Каким-то образом я заметила все это, когда бежала вниз по склону к Люкасу, удивляясь, почему он так неподвижен… пока не заметила обращенные на него ружья.
– Низкая тварь! – прозвенел резкий окрик Тодда Шеннона. – Ты с самого начала замышляла это!
– Почему вы не желаете выслушать меня? Боитесь узнать истину, опасаетесь, что раз в жизни можете оказаться не правы?
– Заткнись и не трать слов зря! Не желаю пропустить той минуты, когда твой любовник-полукровка начнет молить о помощи… разве что не задохнется раньше.
Голос Шеннона звучал неумолимо-жестоко, а выражение лица не обещало ничего хорошего. Наверное, я попыталась бы сама убить его, не свяжи он мне руки.
– Это был Марк, Тодд, поверьте, я могу все доказать, если только отвезете меня в форт Селден, именно туда мы направлялись, к мистеру Брэггу…
– Брэгг может все объяснить после того, как я сделаю то, что должен был давным-давно сделать. Послушайте, мисс, становится все жарче, а? Этот сыромятный ремень в два счета усохнет на солнце!
Я вздрогнула, а Шеннон расхохотался.
– Вот что, не хочу, чтобы он сдох слишком быстро… пусть немного помучается! Так что возьмите фляжку и смочите ремень вокруг его шеи! Может, сумеете обменяться последними словами?!
Сколько времени прошло? Час? Больше? Я хотела одного: чтобы Тодд в слепой ярости убил или изувечил меня, как и угрожал вначале. Но он только привязал меня к седлу и заставил наблюдать. Я не в силах была поверить, когда Тодд, вне себя от гнева и печали, объяснил, что намеревается сделать.

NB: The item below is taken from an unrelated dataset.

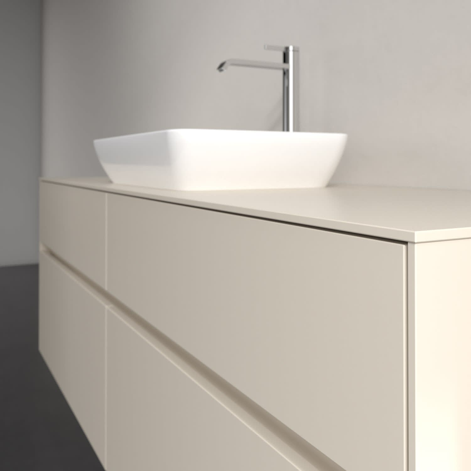Stauraumwunder im zeitgemäßen Design: Der Villeroy & Boch Waschbeckenunterschrank aus der Collaro Kollektion eignet sich besonders für Familienbäder und bietet genau den Platz, der dort benötigt wird. Stimmungsvolles Highlight der schlichten, modernen Front ist die integrierte Griffmulde mit stufenlos einstellbarer LED-Beleuchtung. Im Inneren bietet das Möbelstück mit vier Auszügen erstaunlich viel Komfort – ermöglicht durch großzügiges Platzangebot und den integrierten Antirutschboden. Variabel setzbare Glasabtrennungen und mitgelieferte Accessory Boxen sorgen für den nötigen Überblick. Dank SoftClosing und Selbsteinzug lassen sich die Auszüge nach der Nutzung lautlos schließen. Die Front ist mit einer hochwertigen Lackierung versehen, deren Anti-Fingerprint-Oberfläche unschönen Fingerabdrücken vorbeugt.

– Грязный убийца, похититель женщин! Полукровка проклятый! Но уж поверь, подыхать будешь долго! Я придумаю казнь, как у твоих дружков-апачей. Мальчики, видите вон тот кактус, в рост человека? Вы знаете, что делать! Только, когда будете привязывать его, не забудьте сыромятные ремни!
У меня, должно быть, помутилось в голове, я забилась, закричала и опомнилась, только когда отлетела в сторону от сильного удара в лицо.
– Лучшее средство излечить истерику у распутной сучки! – прорычал Шеннон.
Люкас, до сих пор бесстрастно молчавший, поднял голову.
– Отошли ее. Она никакого отношения не имеет к счетам между нами, и ты это знаешь, Шеннон.
– Именно поэтому ты сбежал с ней и убил моего племянника, чтобы сделать ее вдовой?
Нет… даже сейчас я не хочу вспоминать все это. Не хочу и не могу… но должна. Люкас и я. Оба мы испытывали невыносимые страдания, но каждый по-своему. Я словно отупела от печали, хотя продолжала уговаривать Тодда, пока не заболело горло, пытаясь объяснить, что во всем виноват Марк, но он не слушал.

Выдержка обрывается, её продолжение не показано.